(Do It On My) Twin Bed is probably one of Duana’s favourite Saturday Night Live sketches in recent years. That sketch – and other girl group sketches like it – was co-written by Aidy Bryant aka Li’l Baby Aidy, who’s just been profiled in The Cut and if you haven’t read it, you should. Because she’s hilarious and cute and smart but also because it’s not JUST focused on her comedy. In fact, the whole point of the piece is her style. And this shouldn’t be important – and one day, hopefully, it won’t be – but right now it is, because most of the time, when celebrities are featured for their style, they represent a certain Hollywood-favoured body type. Which of course is bullsh-t because style isn’t limited to body types. Which is Aidy’s point.
She tells The Cut that she used to go on photo shoots with Kate McKinnon and or Cecily Strong and there would be racks and racks of beautiful clothing available to them but only one or two pieces pulled for her and the outfits were ugly. This doesn’t just happen with fashion, by the way. It also comes up with makeup. There have been times when I’ve showed up to a shoot and the makeup artist had no experience doing Asian eyes. I’ve also been to shoots where the makeup artist was not prepared to work on a black woman’s face. And, sure, I know that feeling not included in a photo shoot (oh poor you!) isn’t the worst experience ever. But it speaks to inclusion. When you leave the photo shoot and you walk down the street and none of the billboards allow you into their spaces and then you turn on the TV and it’s more of the same, these accumulated examples become a thousand little cuts that eat away at how you feel about yourself.
Aidy tells The Cut that she’s slowly putting together some ideas for a collection of her own.
“I’m just trying to get the things that I have access to out there for the masses — like when I wanted something cool to wear to a meeting or an audition or whatever and not just be wearing a black sack,” she says. “Although I love a black sack. Black sack is my mainstay. But if you don’t have a choice, you’re trapped, you know?” she says. “I feel like there’s almost two zones of plus-sized clothing. It’s either full sweatpants and huge T-shirts and elastic waist jeans, or it’s hypertrendy with a shoulder, a bow, a button, a print, a zipper.” She gestures frenetically to different parts of her body like she’s doing the Macarena. “It’s almost like, These girls have never had style, we’re going to throw it ALL at them. And I so often am longing for something that’s a little easier, cooler,” she says. “Stuff you can wear every damn day to run errands and go to meetings, that isn’t a full party dress but isn’t, like, sweats. Flattering but still comfortable.”
That paragraph, to me, is the heart of this profile. It’s does a lot with a little. It takes down the assumption that “these girls never had style” while illustrating exactly Aidy’s point of view on style. Her own style.

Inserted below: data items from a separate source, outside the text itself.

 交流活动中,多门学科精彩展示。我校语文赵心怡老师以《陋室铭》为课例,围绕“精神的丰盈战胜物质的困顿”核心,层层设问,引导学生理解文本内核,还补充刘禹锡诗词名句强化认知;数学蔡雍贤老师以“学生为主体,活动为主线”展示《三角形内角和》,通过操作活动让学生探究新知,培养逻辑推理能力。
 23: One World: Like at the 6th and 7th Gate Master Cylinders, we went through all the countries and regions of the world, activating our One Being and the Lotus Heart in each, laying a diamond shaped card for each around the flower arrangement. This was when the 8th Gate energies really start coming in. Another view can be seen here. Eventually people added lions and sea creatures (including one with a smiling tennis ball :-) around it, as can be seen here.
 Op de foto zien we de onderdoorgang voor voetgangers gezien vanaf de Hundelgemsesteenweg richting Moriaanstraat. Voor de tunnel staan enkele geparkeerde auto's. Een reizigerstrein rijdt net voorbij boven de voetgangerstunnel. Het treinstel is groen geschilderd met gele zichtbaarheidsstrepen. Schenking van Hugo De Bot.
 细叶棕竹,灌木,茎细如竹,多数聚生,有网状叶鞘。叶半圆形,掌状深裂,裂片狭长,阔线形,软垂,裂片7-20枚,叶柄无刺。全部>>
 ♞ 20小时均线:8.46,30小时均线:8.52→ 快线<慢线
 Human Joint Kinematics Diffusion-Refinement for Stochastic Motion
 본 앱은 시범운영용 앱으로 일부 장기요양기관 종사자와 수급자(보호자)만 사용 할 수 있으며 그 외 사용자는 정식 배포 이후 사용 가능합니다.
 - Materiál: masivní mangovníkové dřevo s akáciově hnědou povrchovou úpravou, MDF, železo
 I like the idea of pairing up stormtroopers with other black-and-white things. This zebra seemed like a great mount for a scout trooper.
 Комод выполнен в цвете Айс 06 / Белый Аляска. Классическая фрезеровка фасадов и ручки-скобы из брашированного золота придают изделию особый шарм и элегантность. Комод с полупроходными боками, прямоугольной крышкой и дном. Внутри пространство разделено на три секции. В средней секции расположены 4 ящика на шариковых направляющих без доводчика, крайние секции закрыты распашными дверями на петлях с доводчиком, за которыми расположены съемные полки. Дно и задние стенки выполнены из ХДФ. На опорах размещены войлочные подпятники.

She has style.
She also has a really great anecdote about Ryan Gosling. He hosted the first episode of SNL this season:
Her preferred mode is “silly character-y stuff.” Like her favorite sketch this season, a two-hander opposite Ryan Gosling, where she played a chicken — in a fully feathered chicken suit — and he played a fugitive who had fallen in love with her. “Ryan was taking it so seriously in rehearsal,” she recalls. “He’s like a serious-ass actor asking us, But why? Why do I love her? Like, these beautiful questions that we were talking about so seriously. At the end of the week, Lorne [Michaels] was like: LOOK, IT’S JUST A LOVE STORY, AND YOU HAVE TO PLAY IT AS A LOVE STORY.”
OF COURSE HE DID.
OF COURSE Ryan Gosling needed to find his “motivation” in a ridiculous chicken suit sketch on Saturday Night Live.